In hindsight, that was probably my first game-mod…
Bill Gates WAS an actual programmer. He was also pretty good. Check the website link for details. According to at least one book, he also used to come to DEC (if memory serves) to help fix bugs in their OS.
DONKEY.BAS is actually a great illustration of the early philosophy of MS/PC vs. the Mac philosophy (which has endured to this day, unlike the MS/PC philosophy): The PC and BASIC are for churning out crappy hacks at 4AM that get something simple done acceptably well, not spending days/weeks/months wandering through the Mac toolkit documentation, compiling Pascal, tring to figure the frameworks out, creating icons and graphics, and trying to make some really elegant program.

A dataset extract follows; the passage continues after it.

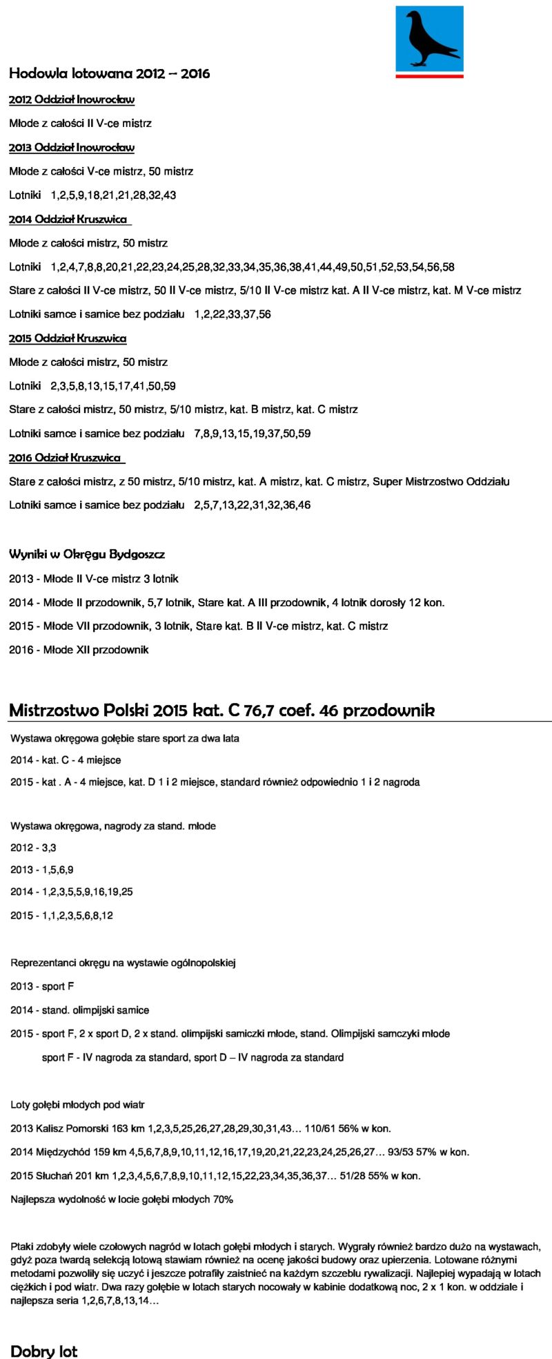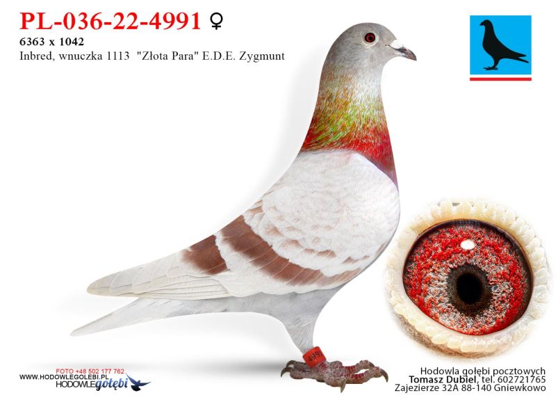 Prawdopodobnie Samiec. Córka "Złotej Pary" E.D.E. Zygmunt w połączeniu z super samcem od Damiana Szewca z linii olimpijki kat. C „Pocahontas” Jefa Vanwilkel dały mi wybitne lotniki i gołębie rozpłodowe. Ptaki te zdobyły u mnie wiele czołowych nagród w lotach w różnych kategoriach, oraz na wystawach. Samiczka z „moich Zygmuntów” jest babką 1 lotnika oddziału 2024 i 5 lotnika oddziału 2023 u rodziny Zygmunt. W 2025 samczyk z tych gołębi wydał 12 gołębia z finału na WG Carpati. ****************************************** Moje stado opiera się na ptakach które w latach 2012-2016 pozwoliły mi wygrywać w oddziale i okręgu w różnych kategoriach, lecąc w 2 różnych oddziałach 036 i 0394. Najważniejsze osiągnięcia to Mistrz okręgu kat. C 49 miejsce w Polsce, II vice Mistrz okręgu kat. B i młode, Super Mistrz Oddziału. Wszystkie wyniki dokładnie opisane na końcu aukcji. Do lotowania wróciłem „na chwilę” w 2021 r. na nowym miejscu zamieszkania w bardzo ciężkim sezonie 3 x vice Mistrz Oddziału gołębi młodych. 2,5,11,16,19,22,23,27,28,40 pozycje w klasyfikacji lotników. 3 x Mistrz sekcji oraz XIII przodownika okręgu Bydgoszcz. Zacząłem też lotowanie na WG wysyłając po kilka sztuk na sezon. 2021 – konkursy na finałach na WG Krakus i Super Gołąb, 2022 - 14 miejsce Extra Finał 518 km WG Super Gołąb, 2023 – 11 miejsce Finał 502 km WG Bojano. 2024 - 4 miejsce Półfinał WG Tatry, WG Bojano 4 miejsce lot konkursowy, 34 miejsce Półfinał, 17 miejsce Drużyna, 54, 78, 79, 81 lotnik. Po moich gołębiach w 2024 ptaki wylatały: po pełnej parze 68 miejsce Finał Super Gołąb, po samcu 8 miejsce Extra Finał WG Warmia, po samicy 16 miejsce Finał WG Roztocze, po samcu 3 AS długi dystans i 7 miejsce Extra Finał MWG Giewont. 2025 31 lotnik Derby Carmelo Yupi, 43 miejsce Extra Finał WG Tatry, 12 miejsce Finał WG Carpatia, 40 miejsce Finał WG Krakus (56 seria na 849 hodowców 2/2 w konkursie z 3 wysłanych ptaków), po samicy ode mnie 24 miejsce Finał Corabia One Loft Race. ********************** Wszystkie gołębie przyjęły komplet szczepień(Pharmavac, salmovir + ospa). Więcej informacji w rodowodach, zapraszam też do kontaktu telefonicznego, mailowego bądź WhatsApp. ********************* TRANSPORT, ptaki zostaną dostarczone transportem prywatnym w połowie grudnia, cena 1-2 szt. 100 zł, 3-6 szt. 150 zł, 7 i więcej 200 zł. Koszty transportu płatne kierowcy, za gołębie kierowcy bądź na konto, jak wygodniej. Istnieje również możliwość wcześniejszej wysyłki kurierskiej w cenie 150 zł do 6 szt. Zapraszam również do odbioru osobistego.

Compare that idea to Donkey.net to see how much the programming philosophy of MS has changed:
Donkey .NET is a three-dimensional driving simulator game that demonstrates the new features available to Microsoft Visual Basic developers. Written in Visual Basic .NET RTM, this sample uses XML Web services, multithreading, structured exception handling, shaped Windows Forms, and custom-drawn controls. The sample includes the setups for both the game application and an optional XML Web service used with the game. The setups will also install the source code.
jeebus. I know it’s supposed to basically be a parody, but that means that there’s somtehing there to parody!

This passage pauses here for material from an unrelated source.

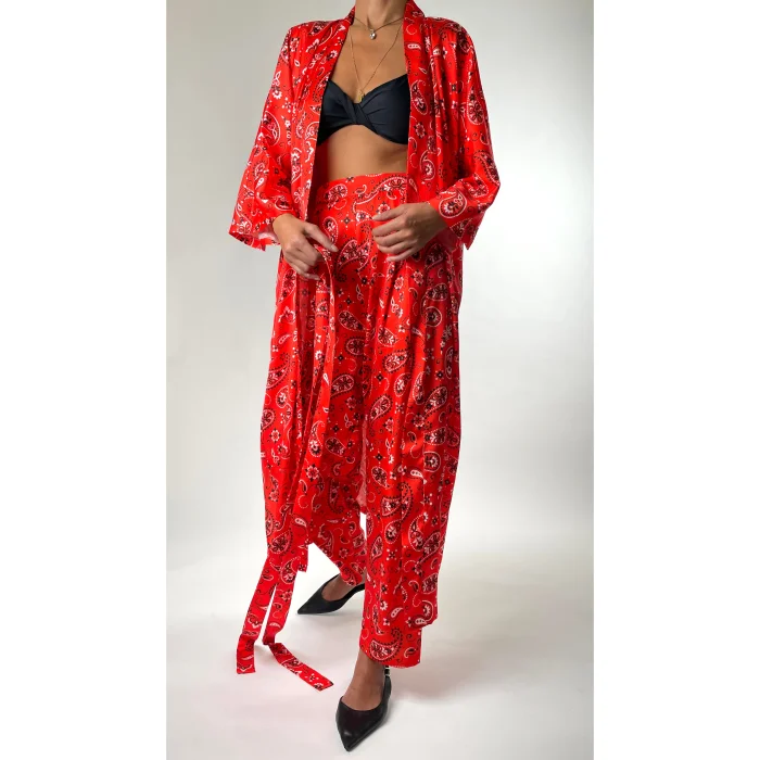 Hafif Ve Serin Tutan Saten Kumaştan Üretilen Harem Pantolon, Takımı Olan Uzun Kimono Ve Oversize Ceket İle Kombinlenebilir.

Gates, Allen and Davidoff threw every trick at the book to squeeze the interpreter into 4 kilobytes. They succeeded and left some headroom for the programs themselves - without which it would have been pretty useless, of course.

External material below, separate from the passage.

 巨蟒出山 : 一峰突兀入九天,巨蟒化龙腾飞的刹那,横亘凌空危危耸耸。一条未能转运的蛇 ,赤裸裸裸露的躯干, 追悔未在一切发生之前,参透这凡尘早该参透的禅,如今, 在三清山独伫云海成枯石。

So you’re saying Mac creators are as big of douchebags as Mac users?
Well the possibilities for people to be douchebags are endless. But what I’m saying is if someone who’s a fan of classical music tells you that a cello player isn’t very good. You say, “sure, what ever”. If Yo Yo Ma tells you that a cello player isn’t very good, you take it more seriously.
What are we going to put in the road.
How about a dog.
Okay… Let me try something…
Wow. That’s a terrible looking dog.
Well… We don’t have a whole lot of artistic talent or tools hanging around. We’re working with blocks on a screen here.
It does kind of look like a donkey…
… and donkey.bas was formed.
If the spec says dog and you code a donkey… change the spec to say donkey. =)
While people opinions about MS Bill may vary, Bill wrote a basic interpretor for the ALTAIR and to write it, he had to write an emulator of the ALTAIR. I don’t know about you, but writing interpretors and emulators on mid-1970’s machines counts as rocket science in my book. The annotated disassembly of it can still be found on the web.
Interesting, around 1980 I was in 8th grade and we were playing with Commodore PET 2001’s (16K memory and a tape drive for storage) and making games that reminded me of Donkey. A particular one I recall was a skier (A capital W with double quotes beneath for skies) going downhill trying to avoid trees and rocks. We used the natural screen scrolling to make it look like he was going downhill, and ‘peek’ and ‘poke’ commands to place him on the screen and to do collision detection. Maybe it was much simpler, but certainly not very complicated.
It seemed to have better game play that Donkey from what I can tell.